Work required ▸ In the entries that follow, the lines from the line containing "德国贵金属交易商Pro Aurum桌子上的保险箱里摆放着各种尺寸的银条。" up to and including the line containing "Na odwrocie w" must be copied exactly, with pictures omitted.

Provided records ▸
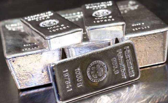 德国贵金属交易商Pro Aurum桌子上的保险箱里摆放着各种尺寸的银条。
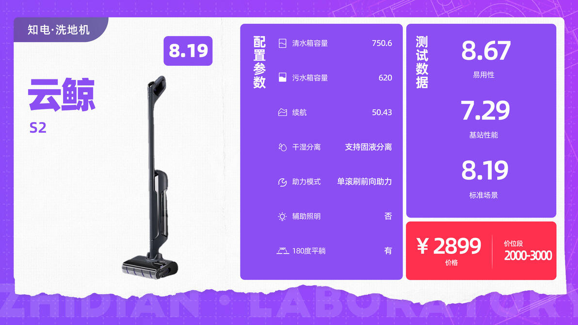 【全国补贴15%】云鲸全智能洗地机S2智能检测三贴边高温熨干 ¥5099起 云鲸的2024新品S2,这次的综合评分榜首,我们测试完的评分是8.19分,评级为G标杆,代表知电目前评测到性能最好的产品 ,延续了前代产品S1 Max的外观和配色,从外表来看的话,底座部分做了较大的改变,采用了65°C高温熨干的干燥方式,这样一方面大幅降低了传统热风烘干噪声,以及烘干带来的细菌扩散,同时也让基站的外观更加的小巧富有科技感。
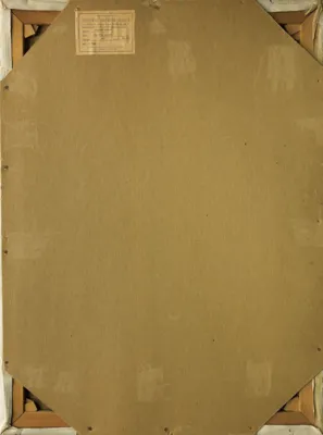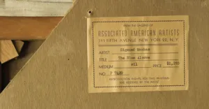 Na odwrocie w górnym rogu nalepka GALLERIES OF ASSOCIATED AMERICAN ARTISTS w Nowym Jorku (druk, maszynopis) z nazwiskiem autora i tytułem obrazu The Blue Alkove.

* * *

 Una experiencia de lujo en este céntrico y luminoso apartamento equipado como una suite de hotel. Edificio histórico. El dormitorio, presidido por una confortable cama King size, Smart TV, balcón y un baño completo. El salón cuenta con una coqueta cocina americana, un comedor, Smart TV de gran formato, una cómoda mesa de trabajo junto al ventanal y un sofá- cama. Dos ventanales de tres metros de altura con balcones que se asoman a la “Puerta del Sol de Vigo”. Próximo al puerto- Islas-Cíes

* * *

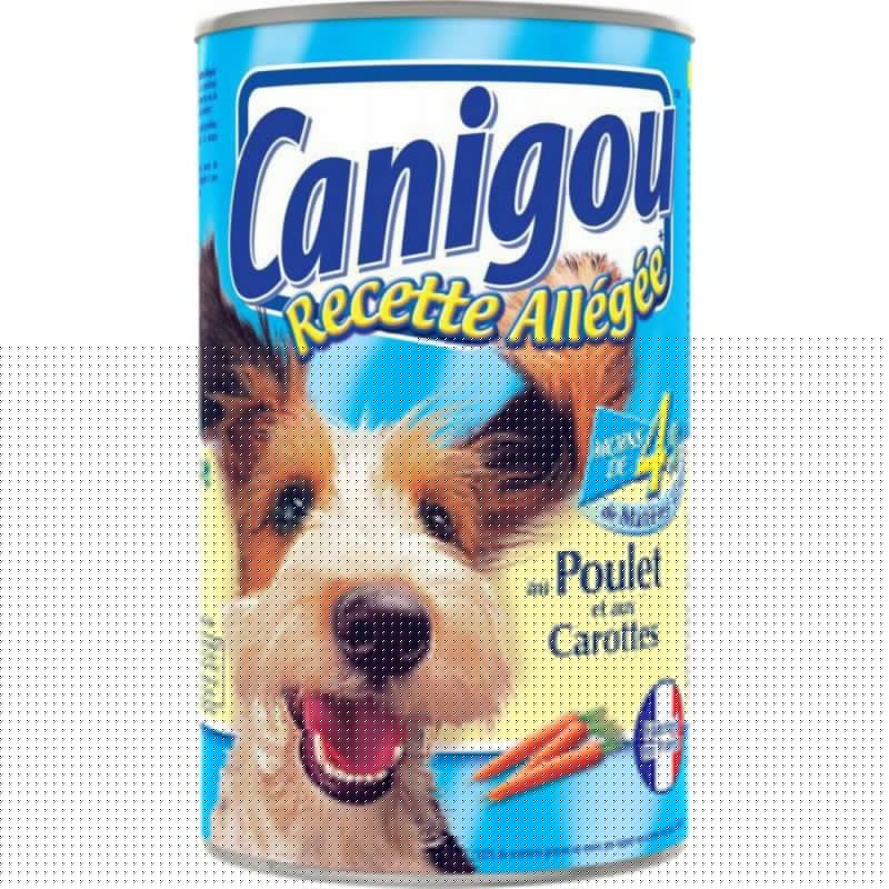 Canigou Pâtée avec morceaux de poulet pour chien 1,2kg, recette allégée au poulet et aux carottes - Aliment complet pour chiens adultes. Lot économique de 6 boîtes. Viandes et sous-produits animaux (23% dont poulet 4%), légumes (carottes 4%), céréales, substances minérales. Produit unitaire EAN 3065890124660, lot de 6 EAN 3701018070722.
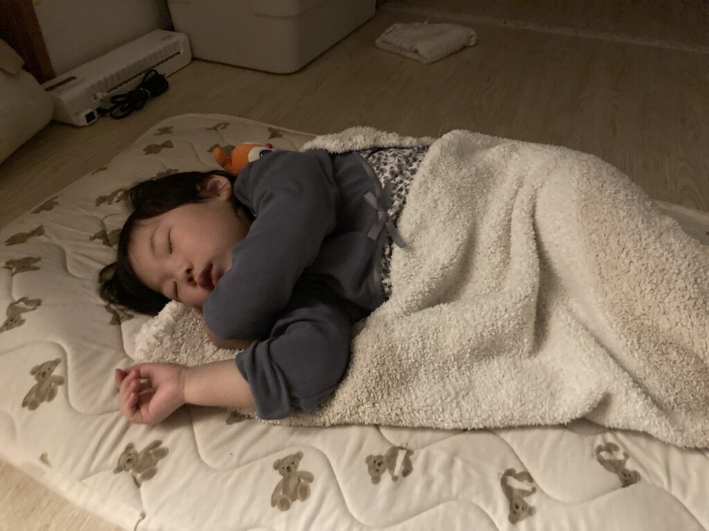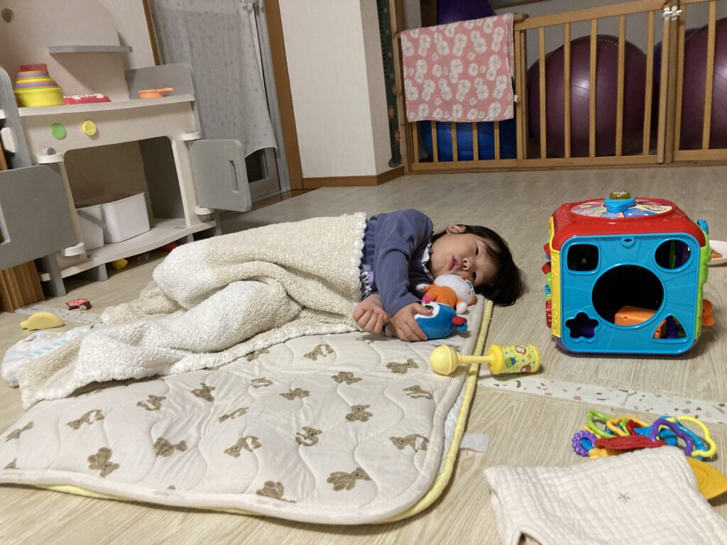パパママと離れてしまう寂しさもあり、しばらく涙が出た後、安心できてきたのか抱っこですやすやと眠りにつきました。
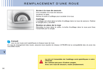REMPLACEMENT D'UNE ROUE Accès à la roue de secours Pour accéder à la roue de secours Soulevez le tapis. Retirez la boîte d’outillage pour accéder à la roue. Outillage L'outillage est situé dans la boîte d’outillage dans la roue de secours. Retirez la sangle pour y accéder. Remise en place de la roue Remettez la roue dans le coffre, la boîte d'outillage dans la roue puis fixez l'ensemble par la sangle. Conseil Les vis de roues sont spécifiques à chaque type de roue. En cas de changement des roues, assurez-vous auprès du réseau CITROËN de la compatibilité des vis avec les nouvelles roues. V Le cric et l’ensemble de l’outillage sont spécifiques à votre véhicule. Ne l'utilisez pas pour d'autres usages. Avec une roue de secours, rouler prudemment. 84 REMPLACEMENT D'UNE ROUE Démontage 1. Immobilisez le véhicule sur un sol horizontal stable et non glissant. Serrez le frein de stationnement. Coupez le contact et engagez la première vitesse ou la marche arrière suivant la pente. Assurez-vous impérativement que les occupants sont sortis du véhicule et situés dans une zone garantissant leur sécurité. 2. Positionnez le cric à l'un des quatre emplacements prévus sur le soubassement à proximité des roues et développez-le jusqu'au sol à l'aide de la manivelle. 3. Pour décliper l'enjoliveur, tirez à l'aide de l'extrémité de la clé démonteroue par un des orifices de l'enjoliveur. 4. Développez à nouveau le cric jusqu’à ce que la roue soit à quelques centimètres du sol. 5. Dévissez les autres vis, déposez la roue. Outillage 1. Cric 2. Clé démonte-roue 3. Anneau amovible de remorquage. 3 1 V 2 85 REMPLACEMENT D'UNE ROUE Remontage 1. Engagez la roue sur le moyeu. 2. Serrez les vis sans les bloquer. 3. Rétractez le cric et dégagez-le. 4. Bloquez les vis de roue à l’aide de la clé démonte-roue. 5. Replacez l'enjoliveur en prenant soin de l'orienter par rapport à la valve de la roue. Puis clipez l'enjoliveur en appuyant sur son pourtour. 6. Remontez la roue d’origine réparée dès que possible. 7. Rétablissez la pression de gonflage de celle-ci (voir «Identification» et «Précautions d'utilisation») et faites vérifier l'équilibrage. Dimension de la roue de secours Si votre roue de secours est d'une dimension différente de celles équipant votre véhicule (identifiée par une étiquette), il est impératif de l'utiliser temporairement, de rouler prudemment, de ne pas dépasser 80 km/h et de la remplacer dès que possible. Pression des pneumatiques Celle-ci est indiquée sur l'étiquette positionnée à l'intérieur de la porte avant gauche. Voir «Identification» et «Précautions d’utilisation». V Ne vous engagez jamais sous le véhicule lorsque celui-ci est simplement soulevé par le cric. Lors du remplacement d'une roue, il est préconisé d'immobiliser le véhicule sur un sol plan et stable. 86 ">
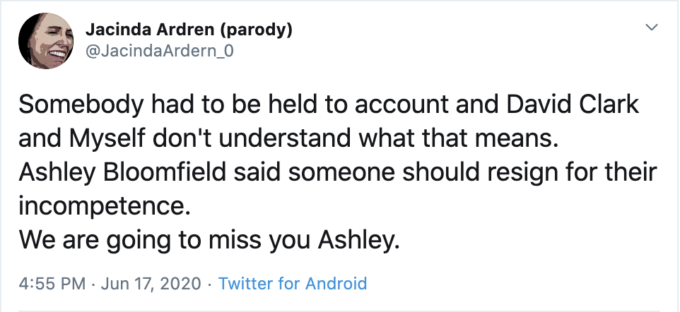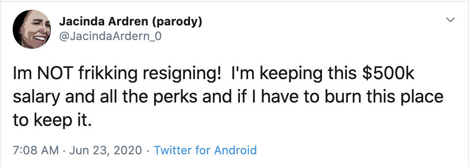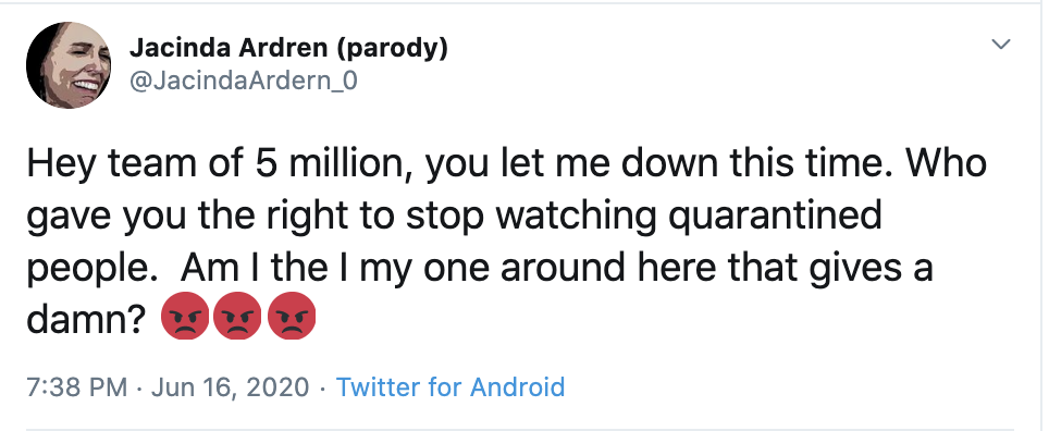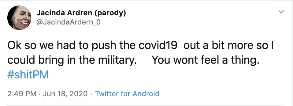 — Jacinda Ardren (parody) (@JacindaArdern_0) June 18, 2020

Task solution ▸
 德国贵金属交易商Pro Aurum桌子上的保险箱里摆放着各种尺寸的银条。
 【全国补贴15%】云鲸全智能洗地机S2智能检测三贴边高温熨干 ¥5099起 云鲸的2024新品S2,这次的综合评分榜首,我们测试完的评分是8.19分,评级为G标杆,代表知电目前评测到性能最好的产品 ,延续了前代产品S1 Max的外观和配色,从外表来看的话,底座部分做了较大的改变,采用了65°C高温熨干的干燥方式,这样一方面大幅降低了传统热风烘干噪声,以及烘干带来的细菌扩散,同时也让基站的外观更加的小巧富有科技感。
 Na odwrocie w górnym rogu nalepka GALLERIES OF ASSOCIATED AMERICAN ARTISTS w Nowym Jorku (druk, maszynopis) z nazwiskiem autora i tytułem obrazu The Blue Alkove.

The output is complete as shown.